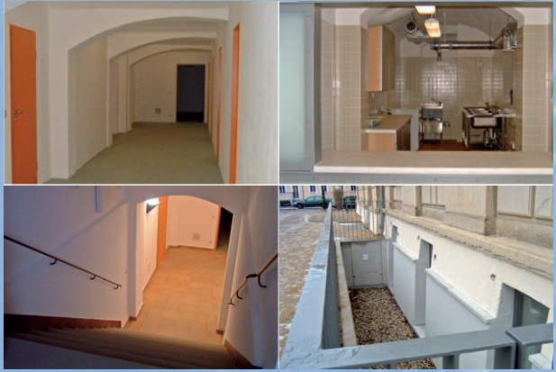
Kellergang – Ausgabe der Speisung – Abgang zum Keller – Außengelände nach der Sanierung (von l.o. nach r.u.)
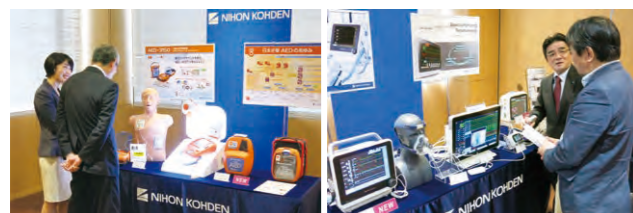
株主総会製品展示

また、日本光電の医療機器の展示を行い、株主様に製品の特長などをご説明しています。2019年6月開催の株主総会では、新製品の全自動血球計数・免疫反応測定装置や中位機種ベッドサイドモニター、一般家庭向けAED、当社初の自社製人工呼吸器、医療機器リモート監視システムをご紹介します。
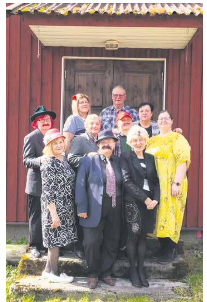
Näiteringi liikmed täies öies.
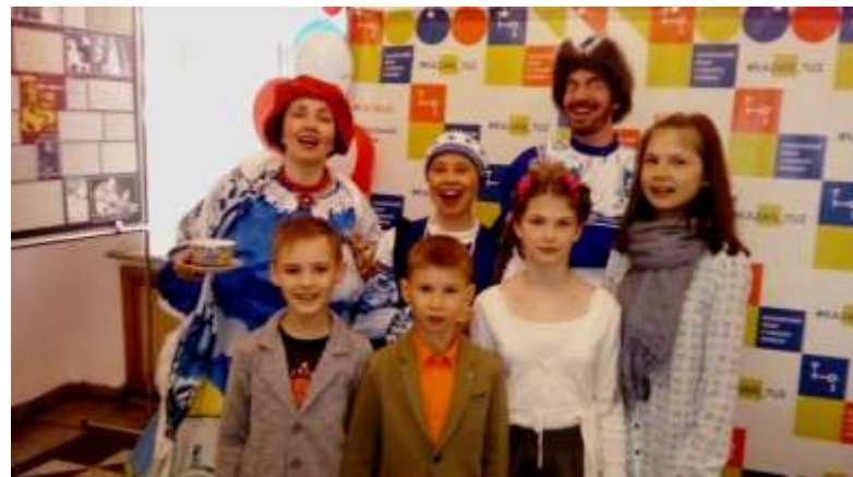
Посещение спектакля «Молодильные яблочки»
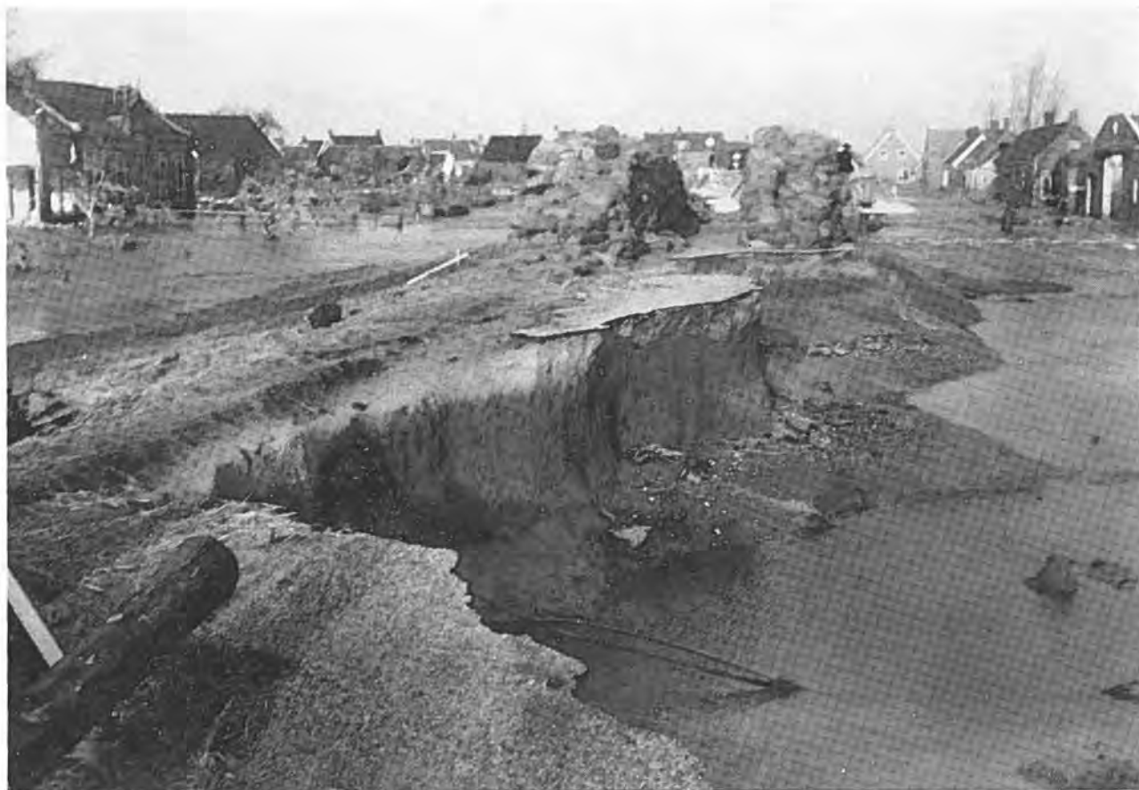
Zo zag de Lavendeldijk er uit op 9 Maart 1953

Van welk een bijzonder verrassend karakter deze ramp ook voor onze omgeving was, blijkt wel uit de omstandigheid, dat, terwijl men dus aan de ene zijde van onze toch niet uitgestrekte gemeente geloofde, dat
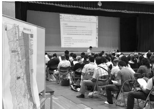
▲6月29日避難指示解除区域に関する説明会
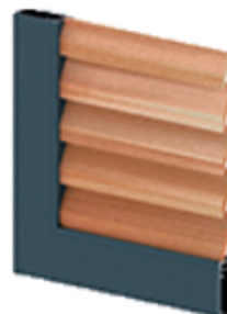
Lames américaine GIRASOL (droites ou inclinées)
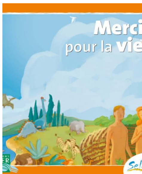
Merci pour la vie
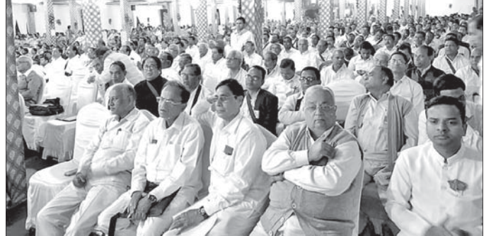
ସମ୍ମିଳନୀରେ ଯୋଗ ଦେଇଥିବା ସଙ୍ଗଠନର ସଦସ୍ୟମାନେ ।
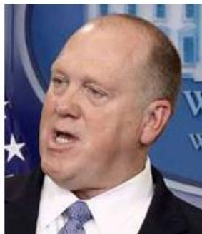
Tom Homan and Elise Stefanik.

“I am pleased to announce that the Former ICE Director, and stalwart on Border Control, Tom Homan, will be joining the

▬▬▬

» **TASK**:
Leaving pictures out, output the lines of the data above from the one with "また、日本光電の医療機器の展" through the one with "Zo zag de Lavendeldijk er uit op 9 Maart 1953", word for word.

» **WRITTEN SOLUTION**:
また、日本光電の医療機器の展示を行い、株主様に製品の特長などをご説明しています。2019年6月開催の株主総会では、新製品の全自動血球計数・免疫反応測定装置や中位機種ベッドサイドモニター、一般家庭向けAED、当社初の自社製人工呼吸器、医療機器リモート監視システムをご紹介します。
Näiteringi liikmed täies öies.
Посещение спектакля «Молодильные яблочки»
Zo zag de Lavendeldijk er uit op 9 Maart 1953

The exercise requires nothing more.